Regenerated soils are, therefore, much more capable of retaining water. They are also important carbon sinks as they recover the organic life within them. But most importantly, over time, they provide more significant production gains. One of the objectives of Save Soil is to disseminate this economic dimension among governments and agricultural companies.
This is difficult to achieve due to the investment required to overcome the three or four years necessary for regenerated soil to reach this productivity. The short-term vision, reinforced by production incentives, is widespread in both developed and emerging economies, hindering the change of model required. The pressure of the intensive agricultural industry (soybean, palm, peanut, rubber, etc.) is also a burden; however, the growing trend towards organic and local food is an emerging incentive in the agricultural sector.
In addition to curbing intensive agriculture, it is necessary to recover traditional farming practices. This was the main objective of one of our first projects in Nicaragua, in which we helped implement an educational plan in sustainable agricultural and livestock techniques in the Bosawas Reserve to recover the natural water cycle. These techniques are the traditional ones of the Mayangna indigenous community and have allowed us to stop deforestation and foster intercultural relations.
Another tool is rainwater harvesting during the wet seasons through small reservoirs self-managed by the farming communities. For example, the experience of the four reservoirs we have helped to build in the Indian state of Andra Pradesh shows how, after a relatively short time, the soil regains its moisture, and deforestation is halted. As a result, wells fill up again, and farmers can diversify their plantations, eradicating the harmful monoculture for good.
In India, we have also seen the need to modify irrigation systems for efficient drip irrigation close to the plant’s roots.
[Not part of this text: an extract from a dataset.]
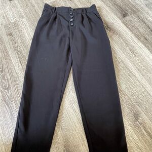 These elegant black dress pants from Anthropologie feature a comfortable elastic waistband and a relaxed straight leg fit. Crafted from a soft, stretchy material, they offer a sophisticated silhouette perfect for formal occasions. The full-length design ensures a polished look, making them a versatile addition to any wardrobe.
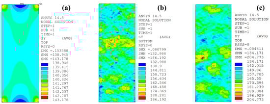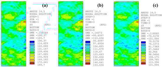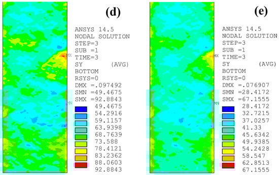 The corroded steel plate strengthened with and without CFRP plates is subjected to a uniaxial tensile load at both ends. Unless otherwise specified, the tensile load applied to the models is 52.8 kN, which corresponds to the average value of the fatigue load adopted in the authors’ recent study []. The prestress of the CFRP plate, which is one of the main factors to be considered in the stress concentration analysis, is achieved by applying the temperature load to the CFRP plate, and the temperature load can be calculated by the following equation:

The system, powered by solar panels, saves energy and water and slows down the depletion of aquifers, which is one of the most urgent priorities in India, the world’s largest extractor of groundwater.
Healthy soil is the best tool for fighting the climate crisis and food insecurity. Regenerative agriculture, coupled with proper water management, is the best tool to achieve this. It is a critical element in the fight against desertification and the empowerment of the most disadvantaged farmers.